The task -> A verbatim repetition of the data below is requested, without images.
------------------------------------------------------------
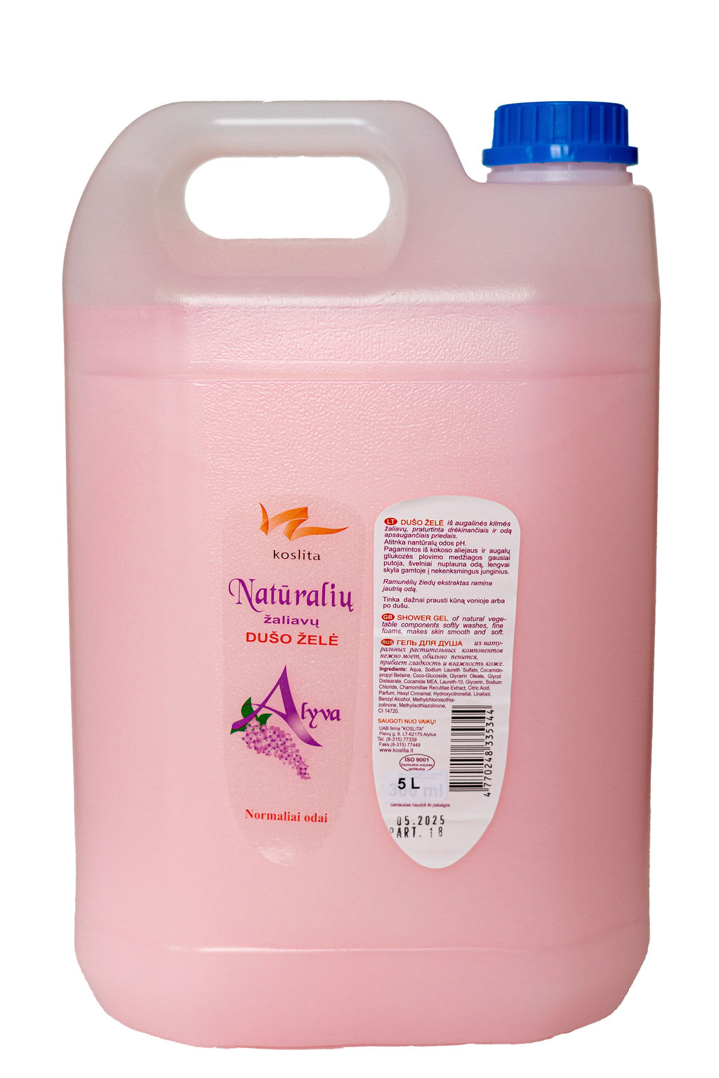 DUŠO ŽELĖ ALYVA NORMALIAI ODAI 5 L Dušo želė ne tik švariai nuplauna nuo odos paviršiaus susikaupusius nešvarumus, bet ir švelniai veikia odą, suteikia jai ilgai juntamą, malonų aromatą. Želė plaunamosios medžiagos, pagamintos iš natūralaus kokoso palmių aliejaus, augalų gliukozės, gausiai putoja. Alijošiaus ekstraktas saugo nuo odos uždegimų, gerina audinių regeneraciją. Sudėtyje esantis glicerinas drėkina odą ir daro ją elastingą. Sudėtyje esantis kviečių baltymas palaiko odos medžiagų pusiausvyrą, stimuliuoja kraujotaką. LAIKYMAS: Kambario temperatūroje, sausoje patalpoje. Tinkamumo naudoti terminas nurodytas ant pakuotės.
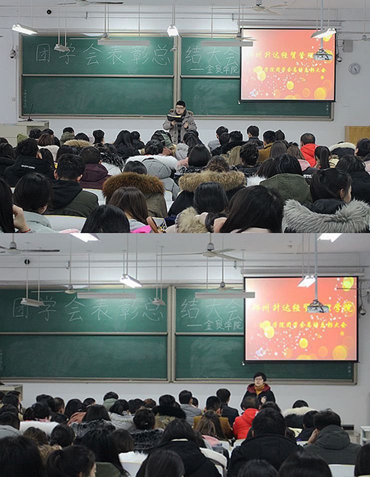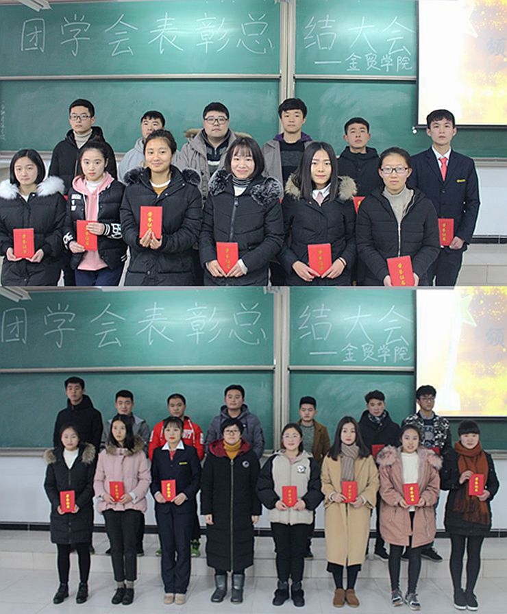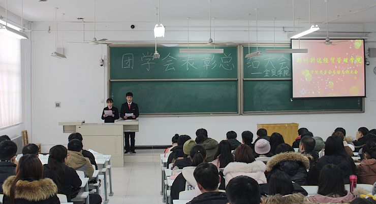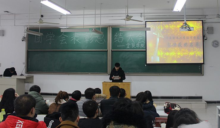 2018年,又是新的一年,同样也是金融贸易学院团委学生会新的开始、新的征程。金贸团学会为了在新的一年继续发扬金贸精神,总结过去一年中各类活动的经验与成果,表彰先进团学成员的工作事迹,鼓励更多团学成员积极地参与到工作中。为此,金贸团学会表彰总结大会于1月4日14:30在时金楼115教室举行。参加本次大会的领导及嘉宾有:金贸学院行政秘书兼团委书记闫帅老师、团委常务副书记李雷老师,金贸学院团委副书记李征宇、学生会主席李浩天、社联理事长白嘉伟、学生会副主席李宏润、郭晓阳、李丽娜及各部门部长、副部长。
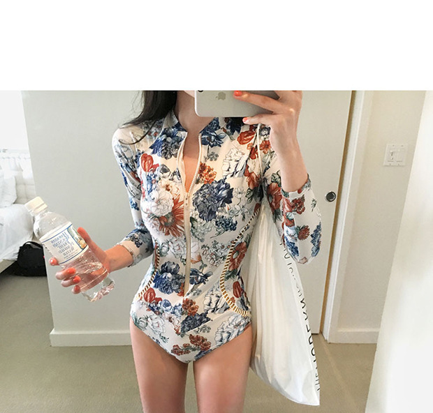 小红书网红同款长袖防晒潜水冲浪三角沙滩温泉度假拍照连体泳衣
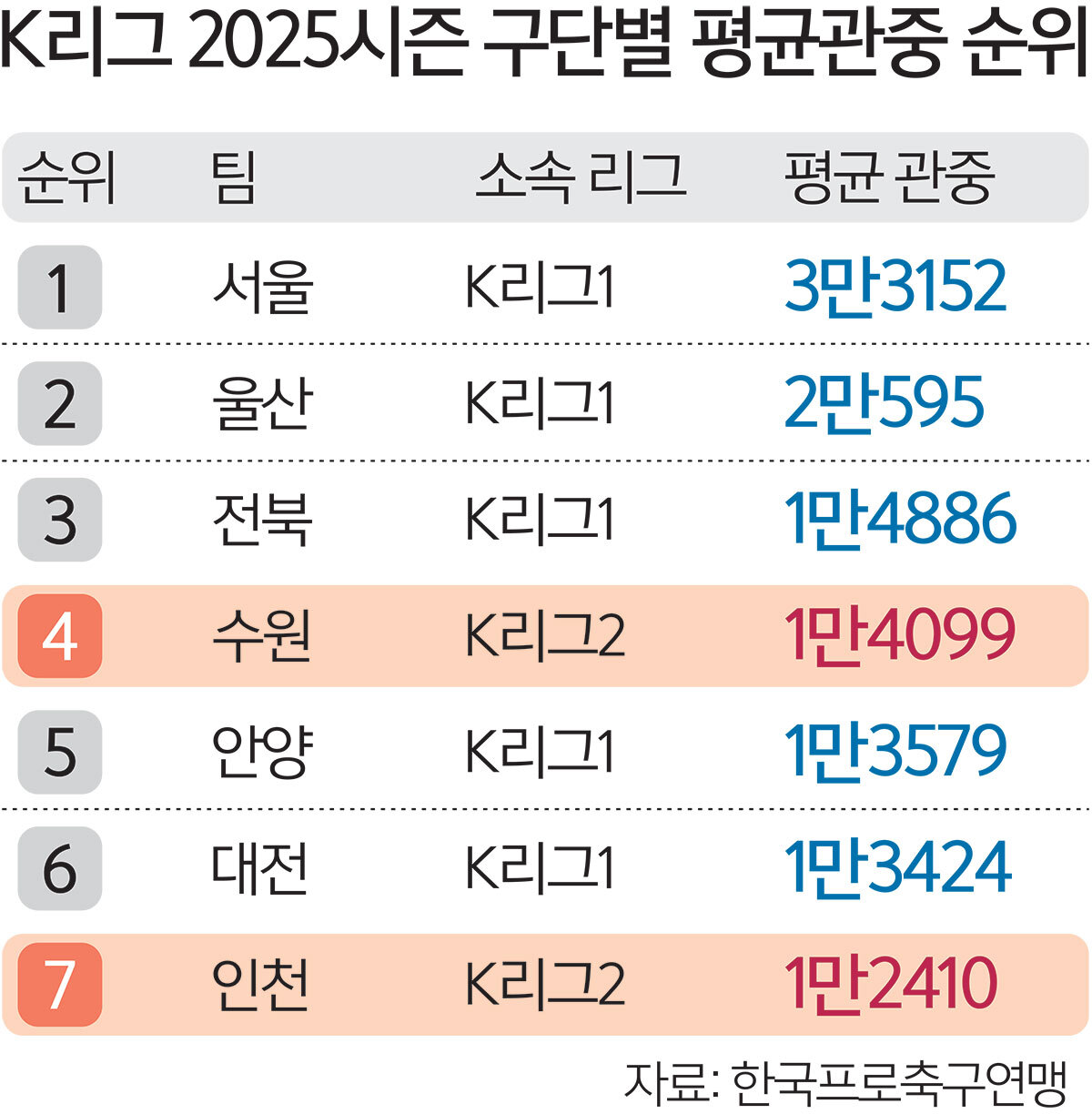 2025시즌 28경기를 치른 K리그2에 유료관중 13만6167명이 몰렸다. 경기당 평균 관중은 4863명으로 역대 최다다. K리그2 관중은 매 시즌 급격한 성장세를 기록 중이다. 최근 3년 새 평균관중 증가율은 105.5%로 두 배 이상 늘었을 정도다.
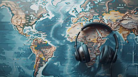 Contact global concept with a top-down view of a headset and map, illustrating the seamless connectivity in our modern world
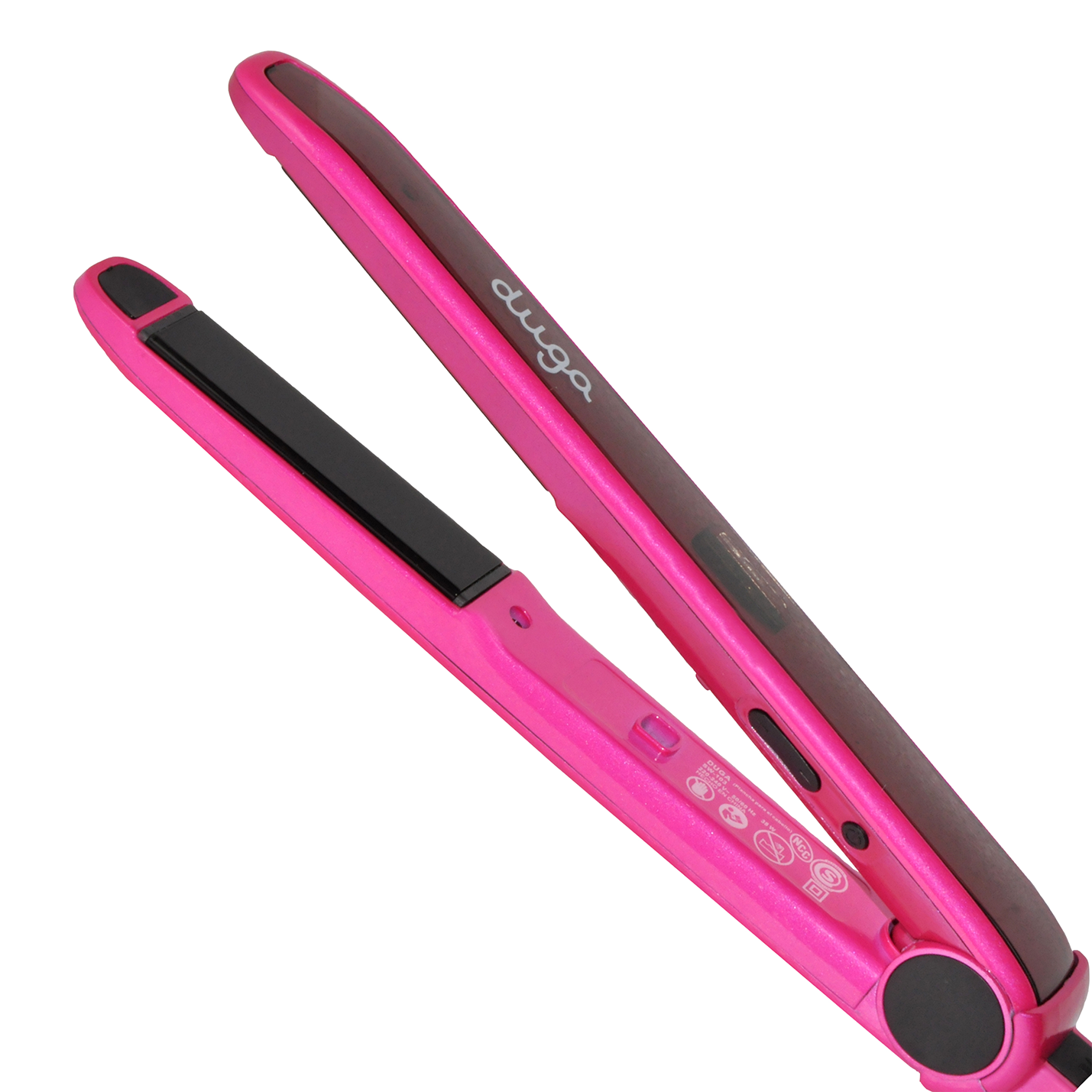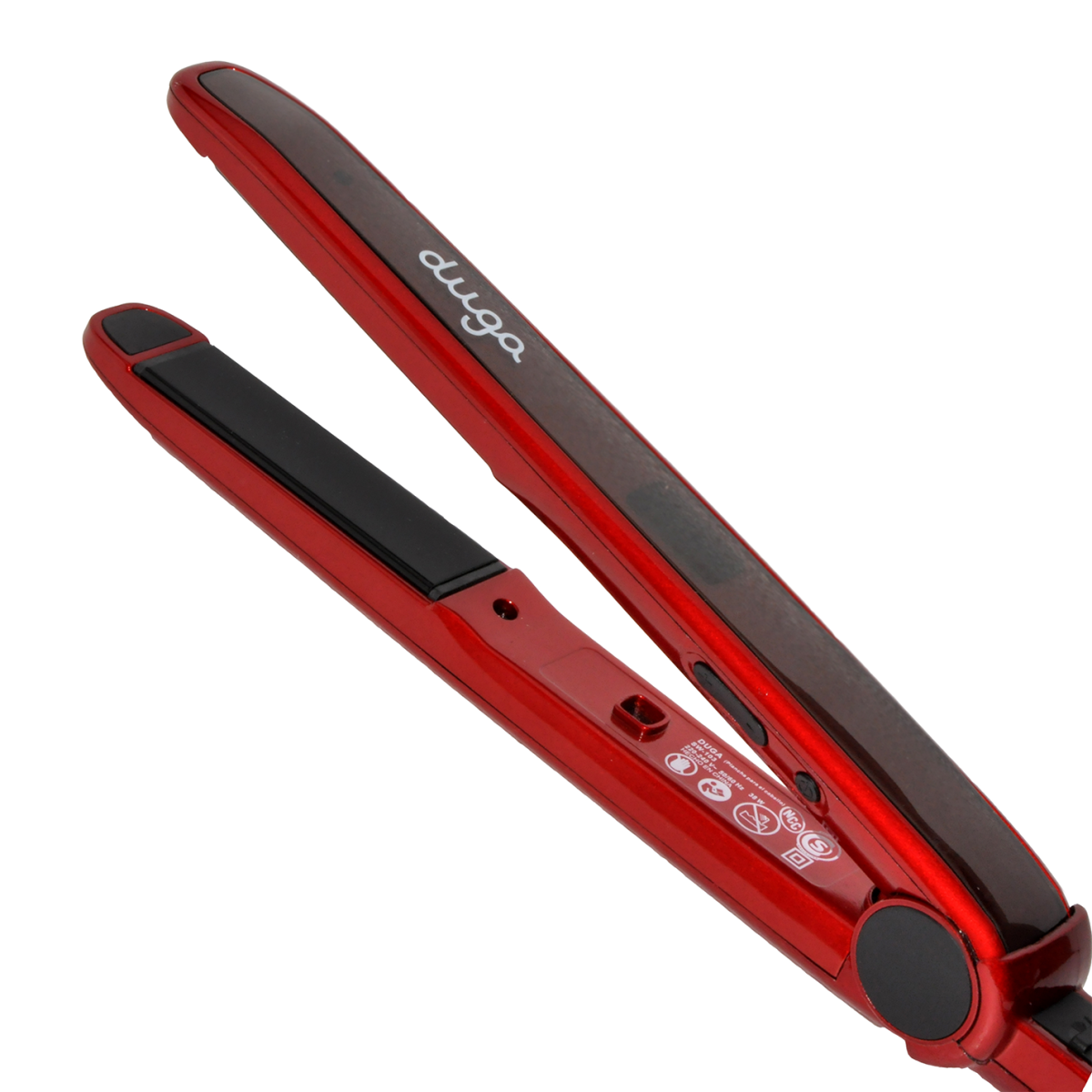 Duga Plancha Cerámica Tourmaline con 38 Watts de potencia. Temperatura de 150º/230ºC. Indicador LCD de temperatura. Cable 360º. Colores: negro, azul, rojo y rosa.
------------------------------------------------------------
Answer to the problem ->
 DUŠO ŽELĖ ALYVA NORMALIAI ODAI 5 L Dušo želė ne tik švariai nuplauna nuo odos paviršiaus susikaupusius nešvarumus, bet ir švelniai veikia odą, suteikia jai ilgai juntamą, malonų aromatą. Želė plaunamosios medžiagos, pagamintos iš natūralaus kokoso palmių aliejaus, augalų gliukozės, gausiai putoja. Alijošiaus ekstraktas saugo nuo odos uždegimų, gerina audinių regeneraciją. Sudėtyje esantis glicerinas drėkina odą ir daro ją elastingą. Sudėtyje esantis kviečių baltymas palaiko odos medžiagų pusiausvyrą, stimuliuoja kraujotaką. LAIKYMAS: Kambario temperatūroje, sausoje patalpoje. Tinkamumo naudoti terminas nurodytas ant pakuotės.
 2018年,又是新的一年,同样也是金融贸易学院团委学生会新的开始、新的征程。金贸团学会为了在新的一年继续发扬金贸精神,总结过去一年中各类活动的经验与成果,表彰先进团学成员的工作事迹,鼓励更多团学成员积极地参与到工作中。为此,金贸团学会表彰总结大会于1月4日14:30在时金楼115教室举行。参加本次大会的领导及嘉宾有:金贸学院行政秘书兼团委书记闫帅老师、团委常务副书记李雷老师,金贸学院团委副书记李征宇、学生会主席李浩天、社联理事长白嘉伟、学生会副主席李宏润、郭晓阳、李丽娜及各部门部长、副部长。
 小红书网红同款长袖防晒潜水冲浪三角沙滩温泉度假拍照连体泳衣
 2025시즌 28경기를 치른 K리그2에 유료관중 13만6167명이 몰렸다. 경기당 평균 관중은 4863명으로 역대 최다다. K리그2 관중은 매 시즌 급격한 성장세를 기록 중이다. 최근 3년 새 평균관중 증가율은 105.5%로 두 배 이상 늘었을 정도다.
 Contact global concept with a top-down view of a headset and map, illustrating the seamless connectivity in our modern world
 Duga Plancha Cerámica Tourmaline con 38 Watts de potencia. Temperatura de 150º/230ºC. Indicador LCD de temperatura. Cable 360º. Colores: negro, azul, rojo y rosa.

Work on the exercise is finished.